WHAT YOU WILL DO: Without copying any picture, transcribe exactly the lines of the data below from the one containing "首先打开媒体播放器调入媒体文" through the one containing "Beijing. [Agencies] |".

MATERIAL FOR THIS EXERCISE:
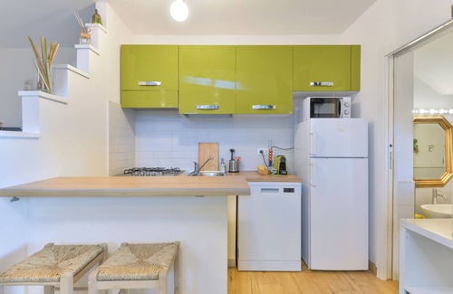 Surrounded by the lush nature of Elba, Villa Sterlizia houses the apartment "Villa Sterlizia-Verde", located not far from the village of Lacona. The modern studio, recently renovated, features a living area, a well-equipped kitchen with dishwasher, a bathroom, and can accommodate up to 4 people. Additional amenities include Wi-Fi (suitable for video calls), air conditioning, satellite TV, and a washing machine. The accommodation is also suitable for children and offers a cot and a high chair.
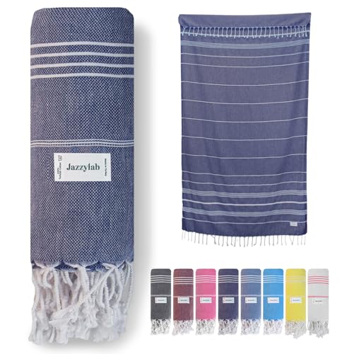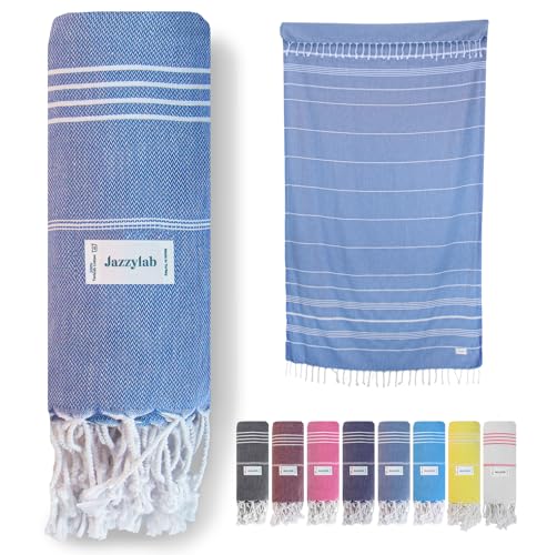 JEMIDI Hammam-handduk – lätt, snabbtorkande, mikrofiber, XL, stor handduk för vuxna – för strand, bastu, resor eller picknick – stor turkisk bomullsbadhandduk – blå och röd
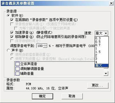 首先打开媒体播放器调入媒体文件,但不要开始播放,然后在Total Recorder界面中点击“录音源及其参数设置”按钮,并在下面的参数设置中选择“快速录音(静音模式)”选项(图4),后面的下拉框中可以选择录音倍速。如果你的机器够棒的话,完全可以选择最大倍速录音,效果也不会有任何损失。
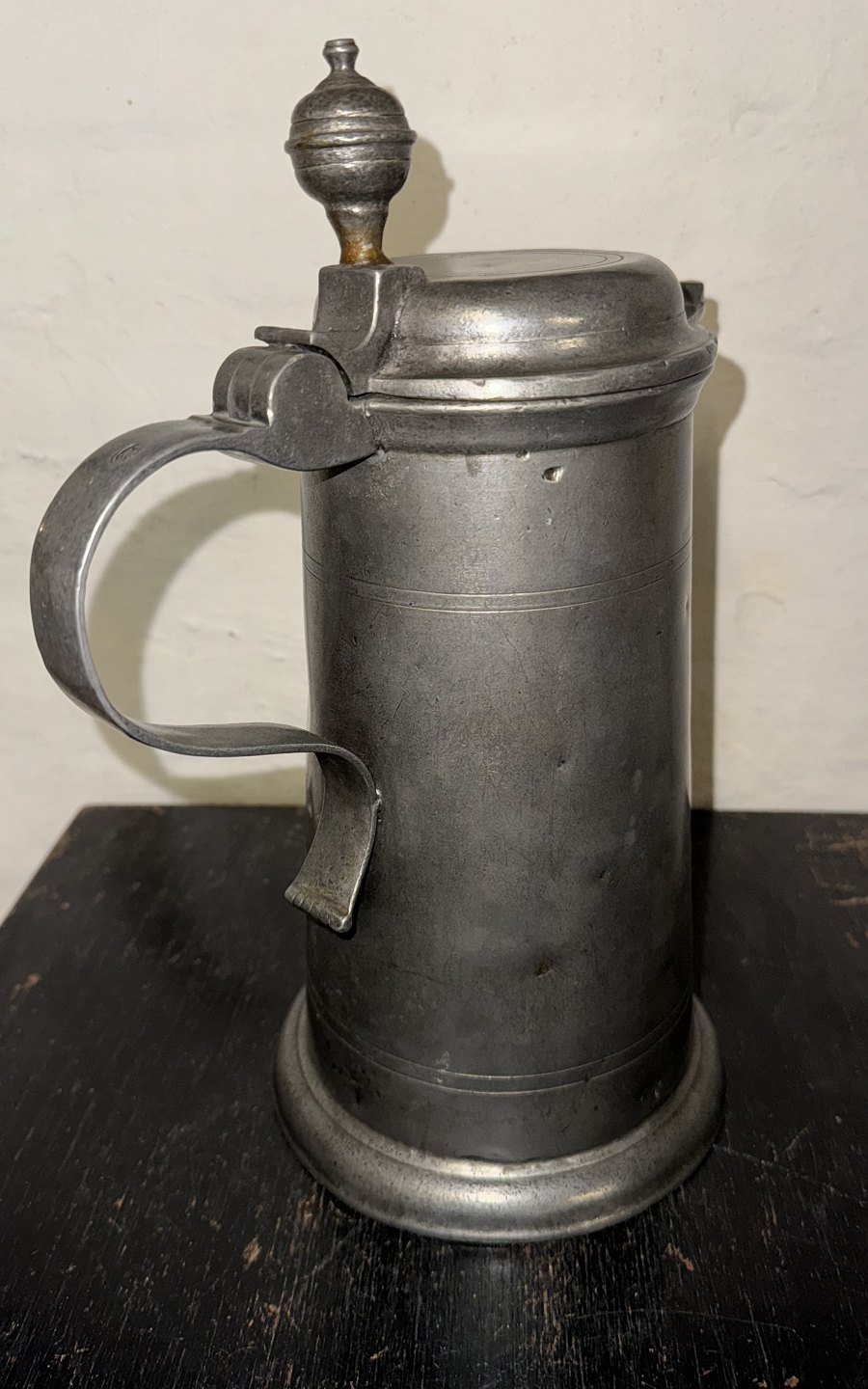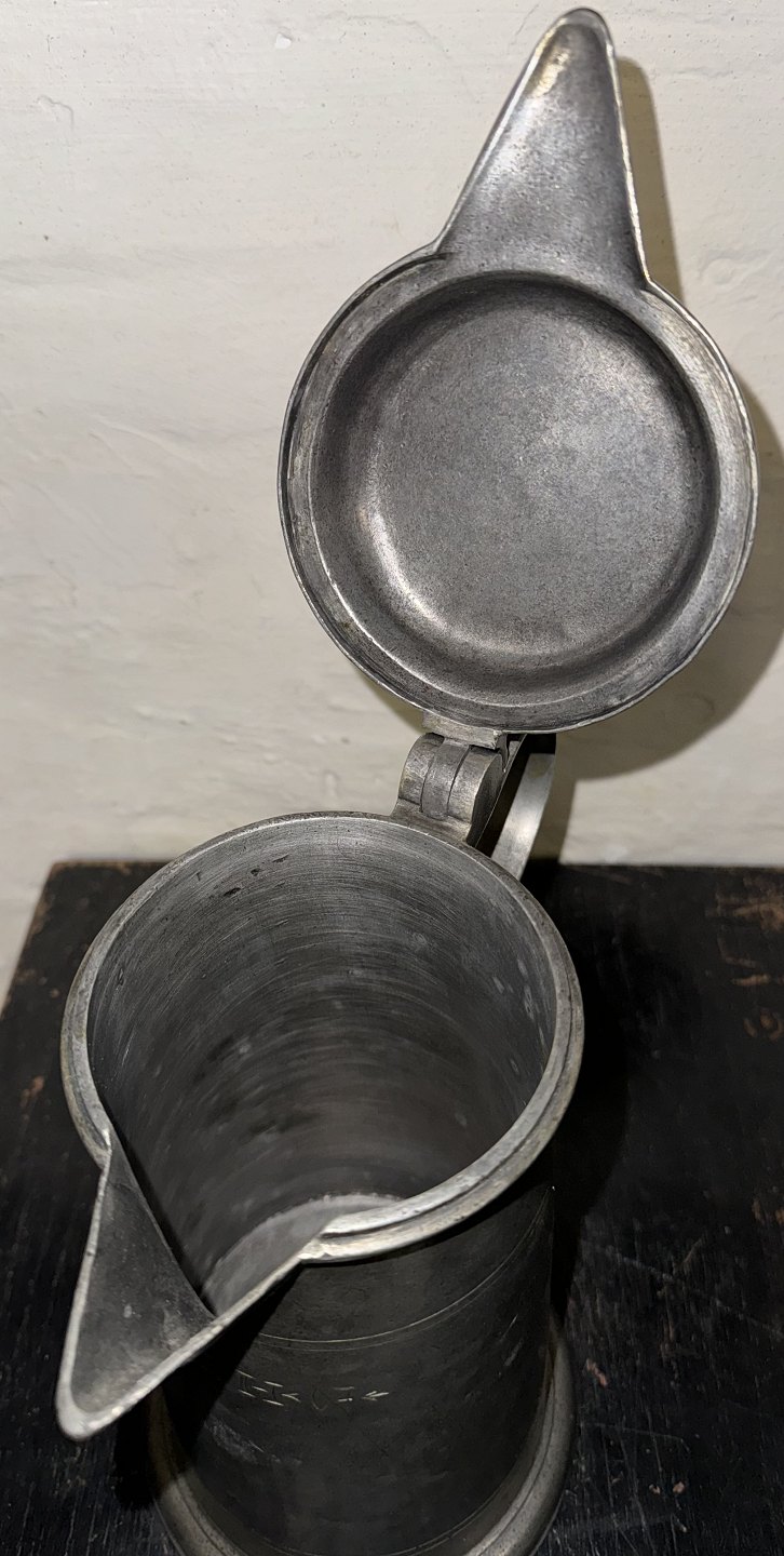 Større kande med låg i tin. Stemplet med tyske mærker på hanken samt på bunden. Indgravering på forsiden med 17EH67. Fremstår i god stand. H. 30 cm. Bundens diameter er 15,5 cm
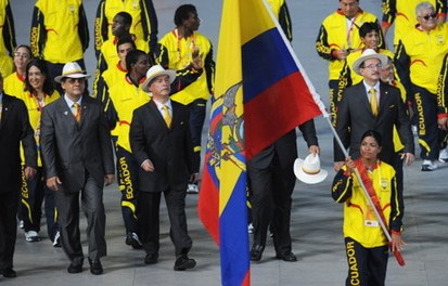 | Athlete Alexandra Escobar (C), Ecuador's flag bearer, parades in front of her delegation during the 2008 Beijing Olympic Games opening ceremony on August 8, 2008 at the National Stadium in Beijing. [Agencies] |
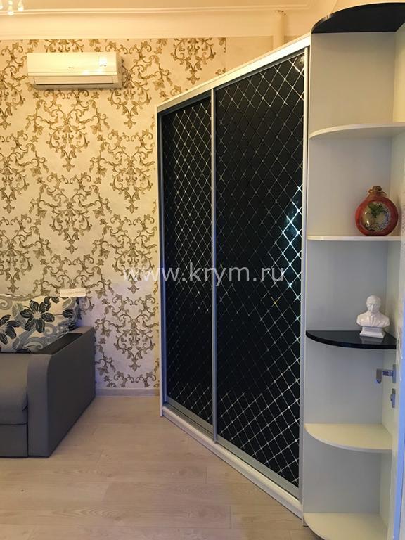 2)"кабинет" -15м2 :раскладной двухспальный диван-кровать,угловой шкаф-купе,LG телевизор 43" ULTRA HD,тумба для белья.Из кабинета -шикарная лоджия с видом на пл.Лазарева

--

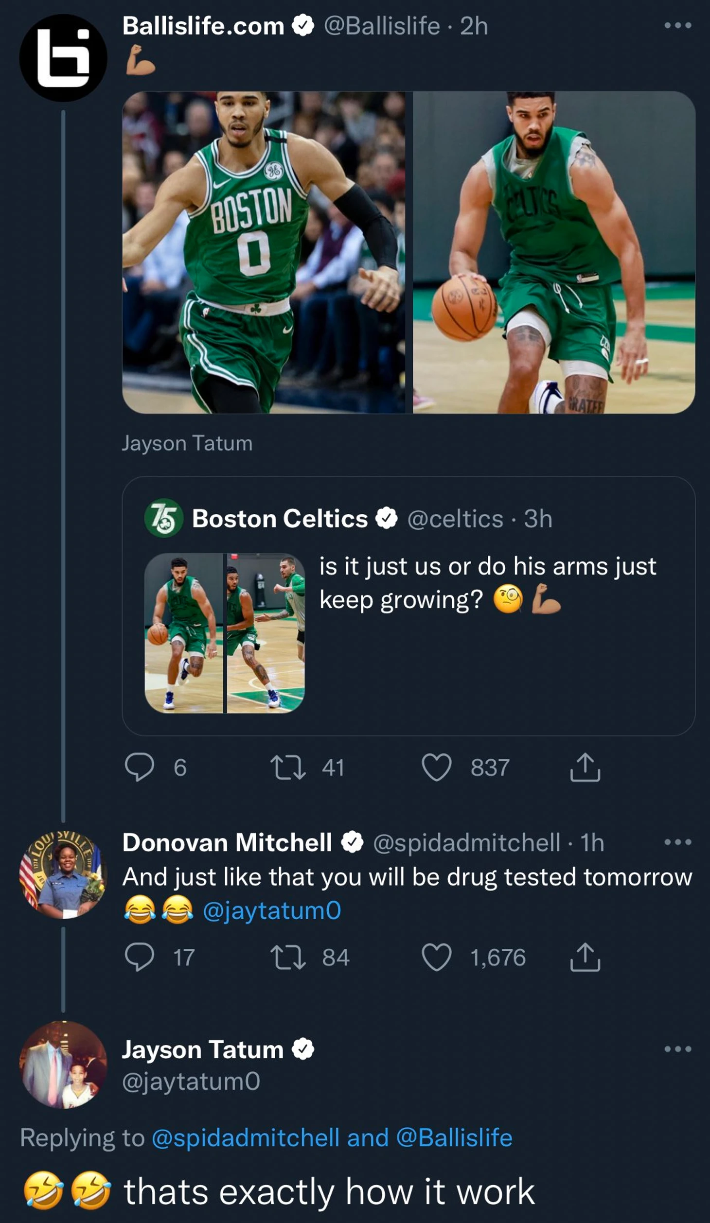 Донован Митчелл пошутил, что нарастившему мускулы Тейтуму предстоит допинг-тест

---

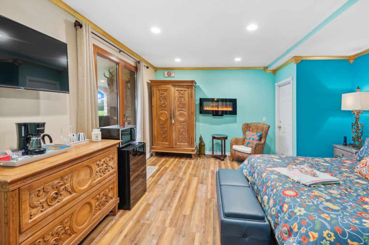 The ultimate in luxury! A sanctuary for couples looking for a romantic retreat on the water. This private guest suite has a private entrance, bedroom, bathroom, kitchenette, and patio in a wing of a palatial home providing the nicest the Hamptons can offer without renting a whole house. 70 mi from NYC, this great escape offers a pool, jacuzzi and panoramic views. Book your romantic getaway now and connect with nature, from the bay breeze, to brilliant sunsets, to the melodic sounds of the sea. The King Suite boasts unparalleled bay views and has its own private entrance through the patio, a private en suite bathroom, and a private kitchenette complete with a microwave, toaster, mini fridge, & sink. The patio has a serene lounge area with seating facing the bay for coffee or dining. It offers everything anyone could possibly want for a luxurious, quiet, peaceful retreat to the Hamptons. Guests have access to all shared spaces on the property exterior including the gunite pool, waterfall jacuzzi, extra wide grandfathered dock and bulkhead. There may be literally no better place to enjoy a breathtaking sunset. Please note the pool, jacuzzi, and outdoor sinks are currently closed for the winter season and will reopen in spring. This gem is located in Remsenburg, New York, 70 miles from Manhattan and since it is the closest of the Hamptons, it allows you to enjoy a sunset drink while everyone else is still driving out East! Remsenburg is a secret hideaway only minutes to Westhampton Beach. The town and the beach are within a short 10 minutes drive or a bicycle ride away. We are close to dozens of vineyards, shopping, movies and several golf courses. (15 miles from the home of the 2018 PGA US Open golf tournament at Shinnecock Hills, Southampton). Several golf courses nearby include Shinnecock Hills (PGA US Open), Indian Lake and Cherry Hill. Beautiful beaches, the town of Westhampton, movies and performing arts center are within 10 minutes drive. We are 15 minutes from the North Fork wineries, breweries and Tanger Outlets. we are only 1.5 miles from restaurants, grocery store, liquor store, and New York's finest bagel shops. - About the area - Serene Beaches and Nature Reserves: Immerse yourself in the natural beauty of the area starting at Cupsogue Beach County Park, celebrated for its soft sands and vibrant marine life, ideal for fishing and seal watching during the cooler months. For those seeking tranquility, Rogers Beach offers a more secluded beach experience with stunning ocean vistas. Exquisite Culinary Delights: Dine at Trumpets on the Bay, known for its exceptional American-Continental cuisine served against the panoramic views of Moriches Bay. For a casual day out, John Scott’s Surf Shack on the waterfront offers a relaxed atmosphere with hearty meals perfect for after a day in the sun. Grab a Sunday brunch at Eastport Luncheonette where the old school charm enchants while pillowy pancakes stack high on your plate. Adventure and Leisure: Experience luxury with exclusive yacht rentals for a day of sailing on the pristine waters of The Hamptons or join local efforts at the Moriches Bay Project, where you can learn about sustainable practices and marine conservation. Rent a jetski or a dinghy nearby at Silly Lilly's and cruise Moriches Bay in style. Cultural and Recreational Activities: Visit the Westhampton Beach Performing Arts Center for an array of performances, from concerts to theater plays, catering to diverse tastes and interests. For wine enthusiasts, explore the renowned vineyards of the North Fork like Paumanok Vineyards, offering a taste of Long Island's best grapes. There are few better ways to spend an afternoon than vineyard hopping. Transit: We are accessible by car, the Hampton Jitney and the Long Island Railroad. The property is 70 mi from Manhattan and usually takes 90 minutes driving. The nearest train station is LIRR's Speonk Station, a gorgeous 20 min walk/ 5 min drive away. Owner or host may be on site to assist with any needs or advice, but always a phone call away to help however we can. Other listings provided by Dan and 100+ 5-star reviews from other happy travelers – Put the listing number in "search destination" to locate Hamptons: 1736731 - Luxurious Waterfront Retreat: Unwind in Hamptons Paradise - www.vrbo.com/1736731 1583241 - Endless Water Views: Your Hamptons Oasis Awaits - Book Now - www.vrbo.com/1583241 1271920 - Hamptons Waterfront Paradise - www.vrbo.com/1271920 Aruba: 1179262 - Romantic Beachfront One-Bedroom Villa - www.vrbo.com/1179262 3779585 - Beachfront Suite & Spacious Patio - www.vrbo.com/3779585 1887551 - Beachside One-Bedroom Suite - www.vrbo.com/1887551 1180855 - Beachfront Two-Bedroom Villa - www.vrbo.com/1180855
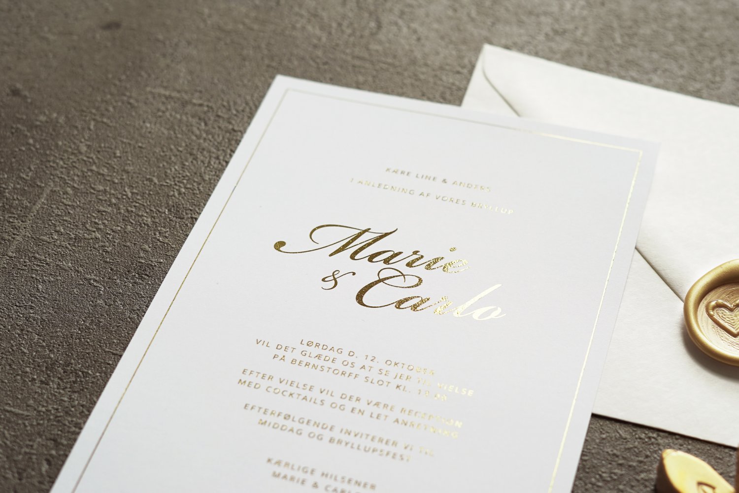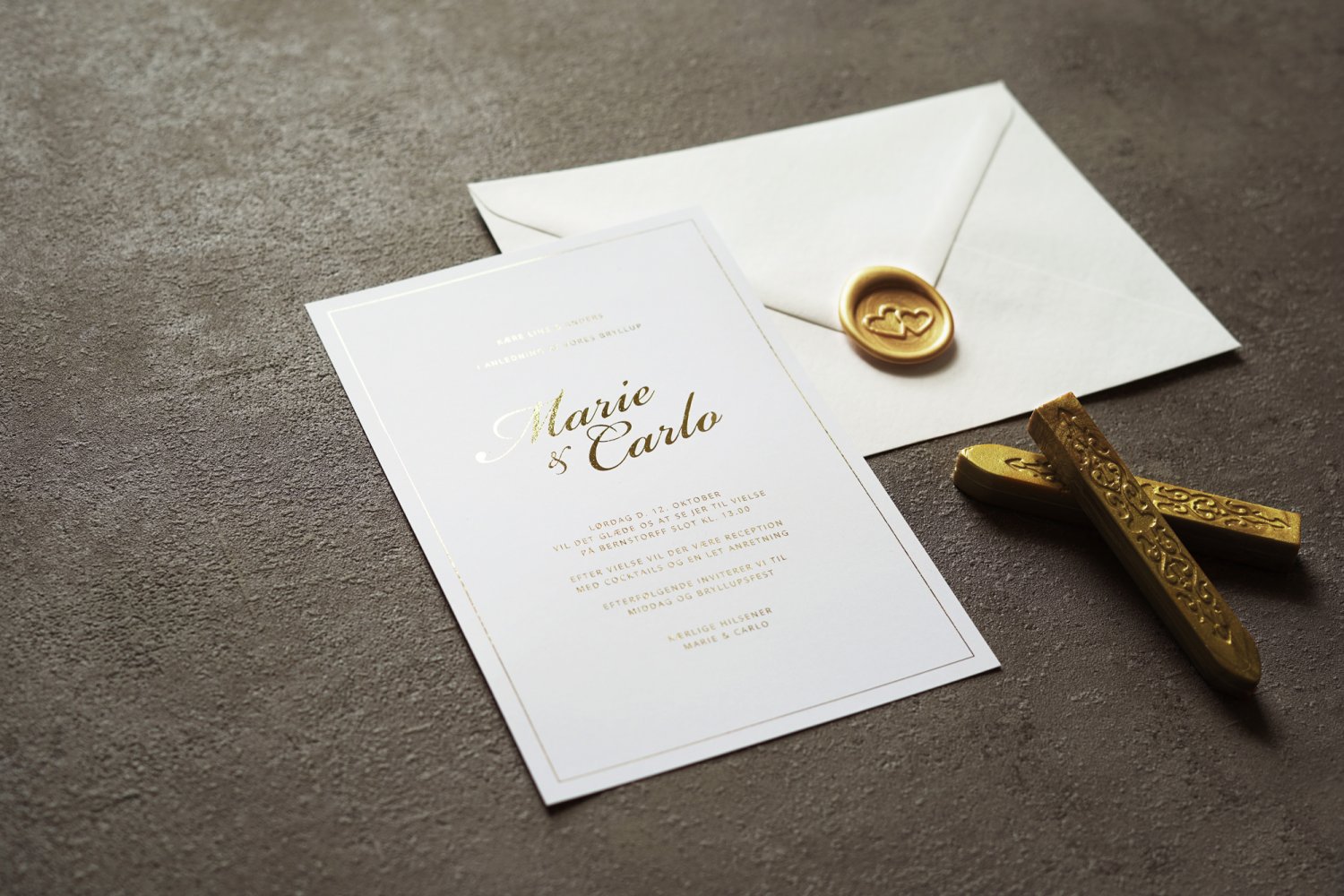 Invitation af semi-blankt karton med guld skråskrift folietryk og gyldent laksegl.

REPLY:
 首先打开媒体播放器调入媒体文件,但不要开始播放,然后在Total Recorder界面中点击“录音源及其参数设置”按钮,并在下面的参数设置中选择“快速录音(静音模式)”选项(图4),后面的下拉框中可以选择录音倍速。如果你的机器够棒的话,完全可以选择最大倍速录音,效果也不会有任何损失。
 Større kande med låg i tin. Stemplet med tyske mærker på hanken samt på bunden. Indgravering på forsiden med 17EH67. Fremstår i god stand. H. 30 cm. Bundens diameter er 15,5 cm
 | Athlete Alexandra Escobar (C), Ecuador's flag bearer, parades in front of her delegation during the 2008 Beijing Olympic Games opening ceremony on August 8, 2008 at the National Stadium in Beijing. [Agencies] |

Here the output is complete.